Enfin, en ce qui concerne le Conseil de l'Europe et le rapport de sa commission juridique, monsieur Vallini, n'oubliez pas que cette institution compte quarante-sept États dont vingt ont adhéré depuis seulement vingt ans. N'allez pas comparer notre institution judiciaire à des institutions qui viennent d'être créées dans des pays qui, il y a encore quinze ans, ignoraient ce qu'était la démocratie, qu'il faut aider à construire un État de droit en mettant en place des structures politiques et judiciaires indépendantes les unes des autres.
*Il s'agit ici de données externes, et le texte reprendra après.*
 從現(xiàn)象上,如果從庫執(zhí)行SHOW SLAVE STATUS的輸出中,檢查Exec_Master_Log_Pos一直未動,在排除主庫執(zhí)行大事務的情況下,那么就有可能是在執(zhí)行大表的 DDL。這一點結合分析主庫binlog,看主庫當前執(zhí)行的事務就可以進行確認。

C'est à cela que veille le Conseil de l'Europe, et c'est à cela que faisait allusion le rapport adopté par la commission des questions juridiques et des droits de l'homme, puis par son assemblée parlementaire. De là à considérer que les institutions françaises sont accusées, ce serait faire injure à la qualité de nos institutions judiciaires, dont la construction remonte à plusieurs siècles, et à l'esprit d'indépendance auquel le Gouvernement et cette majorité sont attachés.

Très objectivement, ce texte représente un progrès. Ne le déformons pas et ne lui faisons pas dire ce qu'il ne dit pas. Nous nous devons, ce soir, de discuter et je suis certain que nous aurons, dans cet hémicycle, d'autres rendez-vous. J'espère que nous garderons ce caractère objectif et dépassionné au regard de l'immense travail accompli par le président Vallini et le rapporteur Philippe Houillon dans le cadre de la commission d'enquête sur les causes de dysfonctionnements de la justice dans l'affaire dite d'Outreau. Les textes présentés de soir apportent une réponse concrète à une expression unanimement affirmée et je pensais que le vote aurait été unanime.

Je vous réitère donc, en conclusion, madame la garde des sceaux, toute la confiance et le soutien du groupe Nouveau Centre. (Applaudissements sur les bancs du groupe UMP.)